== Information supplied ==
━━━━━━━━━━━━━━━━
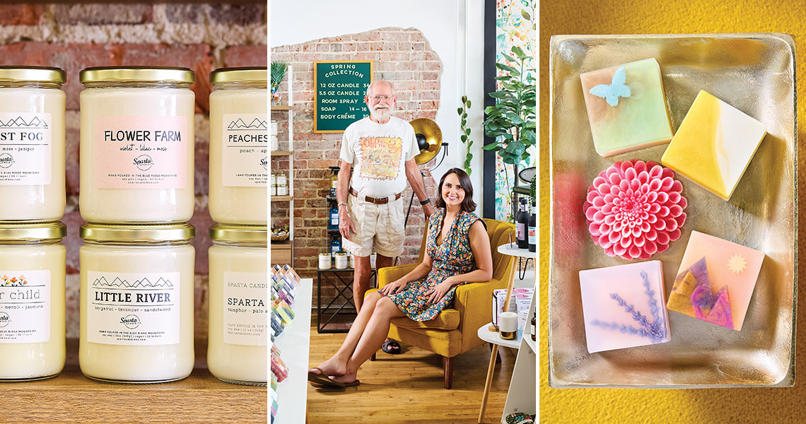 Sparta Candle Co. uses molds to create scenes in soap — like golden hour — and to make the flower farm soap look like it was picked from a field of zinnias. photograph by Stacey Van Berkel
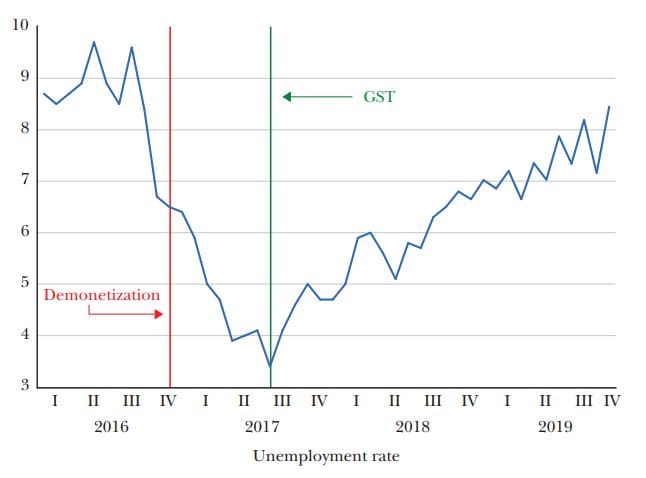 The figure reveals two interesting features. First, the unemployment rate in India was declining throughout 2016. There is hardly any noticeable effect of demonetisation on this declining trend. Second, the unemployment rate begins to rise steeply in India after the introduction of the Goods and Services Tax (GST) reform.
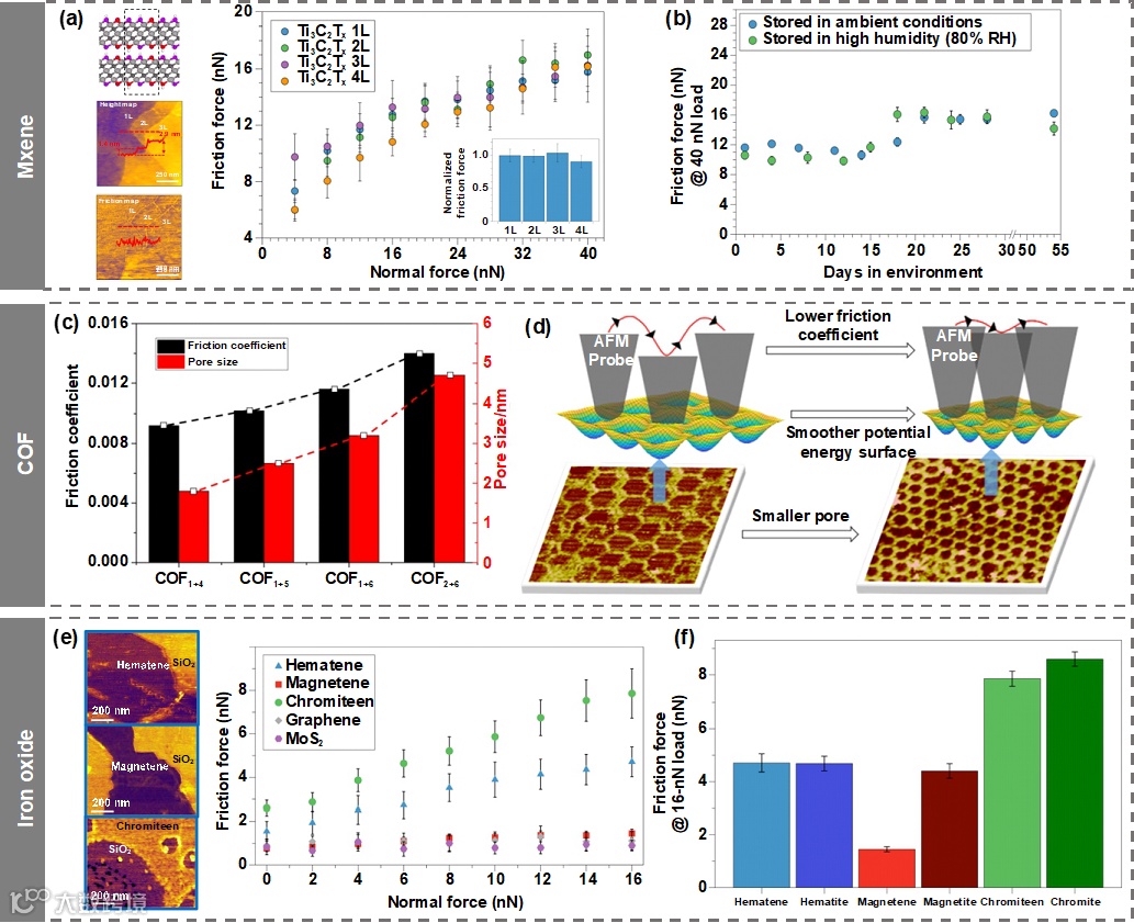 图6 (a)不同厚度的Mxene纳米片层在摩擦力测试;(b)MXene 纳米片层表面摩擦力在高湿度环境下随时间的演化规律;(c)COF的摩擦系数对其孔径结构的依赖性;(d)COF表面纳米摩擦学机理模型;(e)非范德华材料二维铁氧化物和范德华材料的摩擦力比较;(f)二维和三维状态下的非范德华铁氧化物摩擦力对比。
━━━━━━━━━━━━━━━━
== Task instructions ==
Reproduce the data word for word, excluding its pictures.

== Answer below ==
 Sparta Candle Co. uses molds to create scenes in soap — like golden hour — and to make the flower farm soap look like it was picked from a field of zinnias. photograph by Stacey Van Berkel
 The figure reveals two interesting features. First, the unemployment rate in India was declining throughout 2016. There is hardly any noticeable effect of demonetisation on this declining trend. Second, the unemployment rate begins to rise steeply in India after the introduction of the Goods and Services Tax (GST) reform.
 图6 (a)不同厚度的Mxene纳米片层在摩擦力测试;(b)MXene 纳米片层表面摩擦力在高湿度环境下随时间的演化规律;(c)COF的摩擦系数对其孔径结构的依赖性;(d)COF表面纳米摩擦学机理模型;(e)非范德华材料二维铁氧化物和范德华材料的摩擦力比较;(f)二维和三维状态下的非范德华铁氧化物摩擦力对比。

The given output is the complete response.